EXERCISE:
Where the line containing "отметили в DeepState." appears in the entries below, begin there and output every line through the last, exactly, minus the pictures.

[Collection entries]
────────────────────

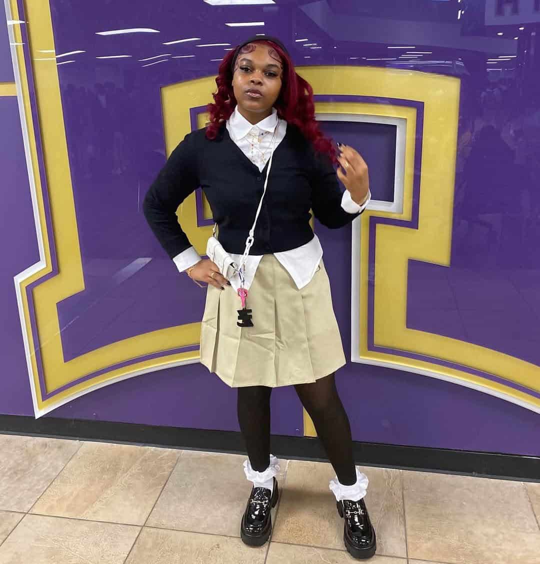 The outfit is elevated by bold accessories, including patent leather platform loafers adorned with frilly white socks, and a unique pendant necklace. The vibrant red hair adds a pop of color and personality, showcasing how students can infuse their individual style into traditional school wear.
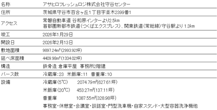 1,700台のトラックと2,700人超のドライバーで毎日500万人の食生活を支える物流インフラ企業、アサヒロジスティクス株式会社(埼玉県さいたま市大宮区/代表取締役社長 横塚 元樹)は、グループ会社であるアサヒフレッシュロジ株式会社(代表取締役社長:森 立郎)の茨城県守谷市における新たな物流拠点「守谷センター」が竣工し、2026年2月13日(金)に開所式を執り行うことをお知らせいたします。
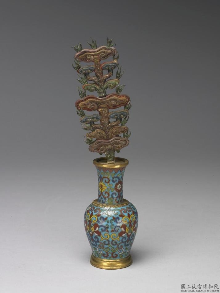 铜胎。敞口、长颈、斜肩、敛腹、矮圈足。全器以掐丝技法、珐琅料填色制作纹饰,浅蓝地,颈部饰葵花及菊花,器身饰番莲纹,圈足露胎无纹。附铜胆及铜胎外髹色漆描金之灵芝。底部露胎,有阴刻「乾隆年制」二行楷书双方框款。瓶为五供之一,本器与中珐193-中珐197成套。
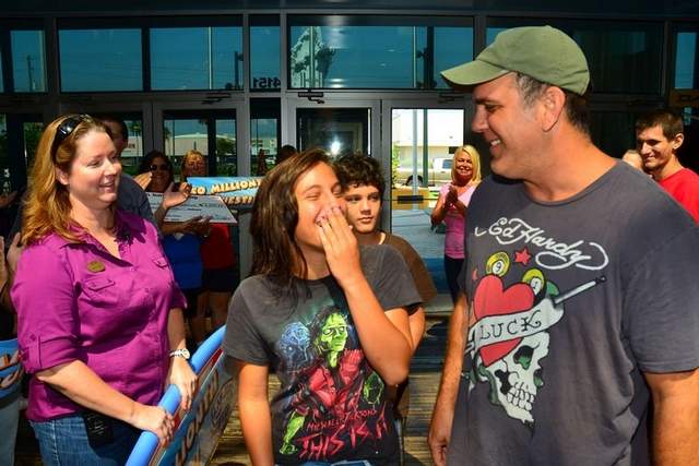 Mark Jensen became the 50 millionth guest at the landmark Cocoa Beach store as he strolled in with Olivia and her brother, 13-year-old Mark Jr. The honor carried with it a surfboard, a $550 in-store shopping spree and a $2,000 check to be used at any other Ron Jon location throughout the United States. . . “This is unbelievable,” Mark Jensen said, posing for photos with his children as he was handed a surfboard-size ceremonial check for $2,000 signed by Ron Jon President Debbie Harvey. . . “We’re in shock. I’ve never won anything like this,” he said.
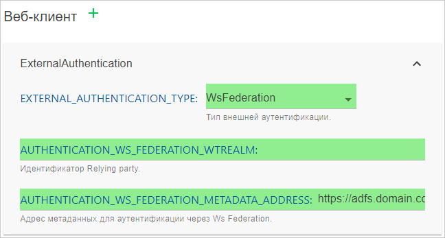 WebAgent. Автоматически добавятся параметры: WEB_AGENT_URL_SCHEME, WEB_AGENT_REFRESH_TOKEN_LIFETIME, WEB_AGENT_PORT и др.
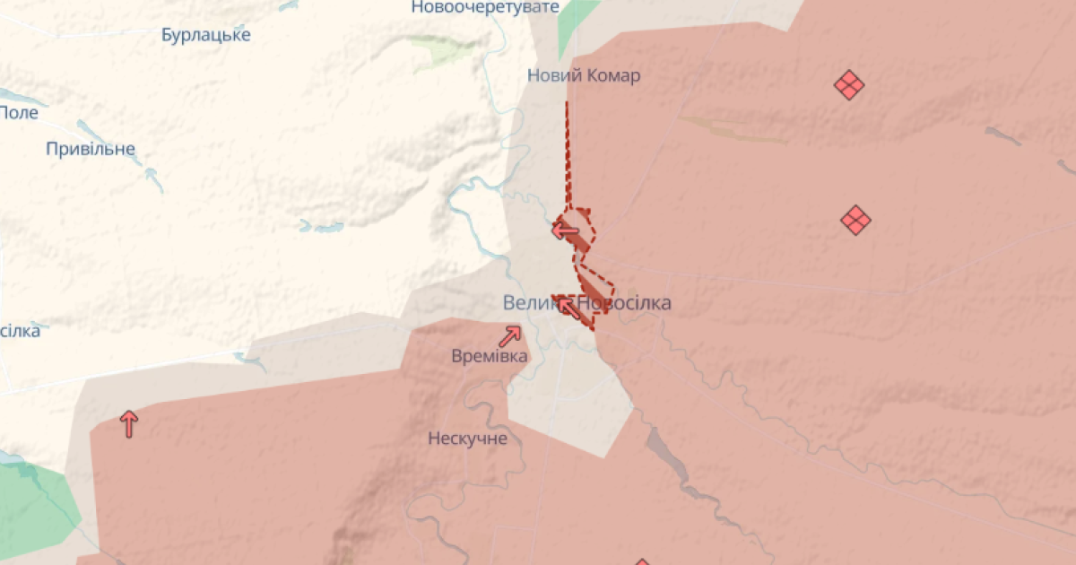 «Противник имеет успех в продвижении на восточных окраинах, а также занял небольшую часть центральных улиц населенного пункта, где они снимали свои видео с тряпками. Также пробует давить с юга и со стороны Временки, применяя огромное количество ресурсов, в частности, пехоты и техники. Одновременно с этим, ситуация вокруг поселка сложная и можно констатировать, что битва за Великую Новоселку подходит к концу», - отметили в DeepState.
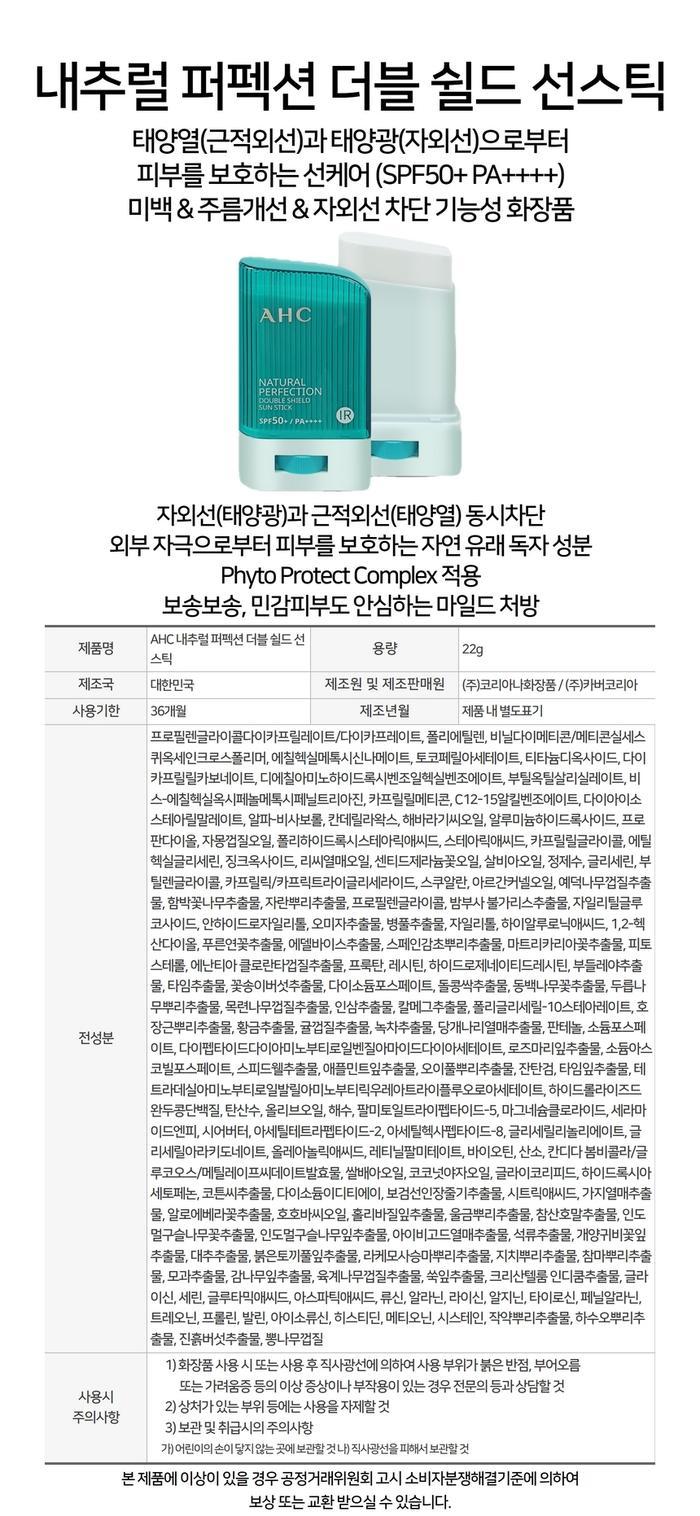 AHC AHC 내추럴 퍼펙션 더블 쉴드 선스틱 22g
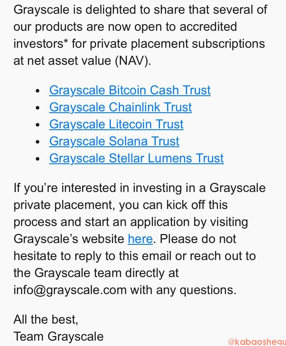 2 月 15 日,灰度邮件通知显示,已向认可的投资者开放部分加密货币信托的私募配售认购,包括 Grayscale Bitcoin Cash Trust、Grayscale Chainlink Trust、Grayscale Litecoin Trust、Grayscale Solana Trust、Grayscale Stellar Lumens Trust,其中认购将以资产净值(NAV)进行。
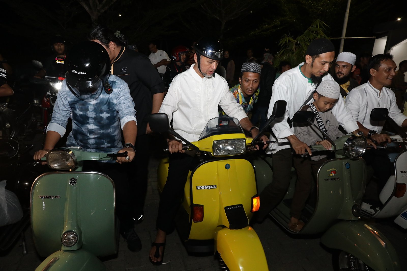 Bersama anak-anak dari komunitas Vespa, Wakil Gubernur (Wagub) Sumatera Utara (Sumut) Musa Rajekshah berangkat naik Vespa menghadiri Konser Langit Ustaz Hanan Attaki di Lapangan Sepak Bola Persatuan Banten Tanjungmorawa, Kabupaten Deliserdang, Jumat (17/6) malam.

────────────────────

RESPONSE:
 «Противник имеет успех в продвижении на восточных окраинах, а также занял небольшую часть центральных улиц населенного пункта, где они снимали свои видео с тряпками. Также пробует давить с юга и со стороны Временки, применяя огромное количество ресурсов, в частности, пехоты и техники. Одновременно с этим, ситуация вокруг поселка сложная и можно констатировать, что битва за Великую Новоселку подходит к концу», - отметили в DeepState.
 AHC AHC 내추럴 퍼펙션 더블 쉴드 선스틱 22g
 2 月 15 日,灰度邮件通知显示,已向认可的投资者开放部分加密货币信托的私募配售认购,包括 Grayscale Bitcoin Cash Trust、Grayscale Chainlink Trust、Grayscale Litecoin Trust、Grayscale Solana Trust、Grayscale Stellar Lumens Trust,其中认购将以资产净值(NAV)进行。
 Bersama anak-anak dari komunitas Vespa, Wakil Gubernur (Wagub) Sumatera Utara (Sumut) Musa Rajekshah berangkat naik Vespa menghadiri Konser Langit Ustaz Hanan Attaki di Lapangan Sepak Bola Persatuan Banten Tanjungmorawa, Kabupaten Deliserdang, Jumat (17/6) malam.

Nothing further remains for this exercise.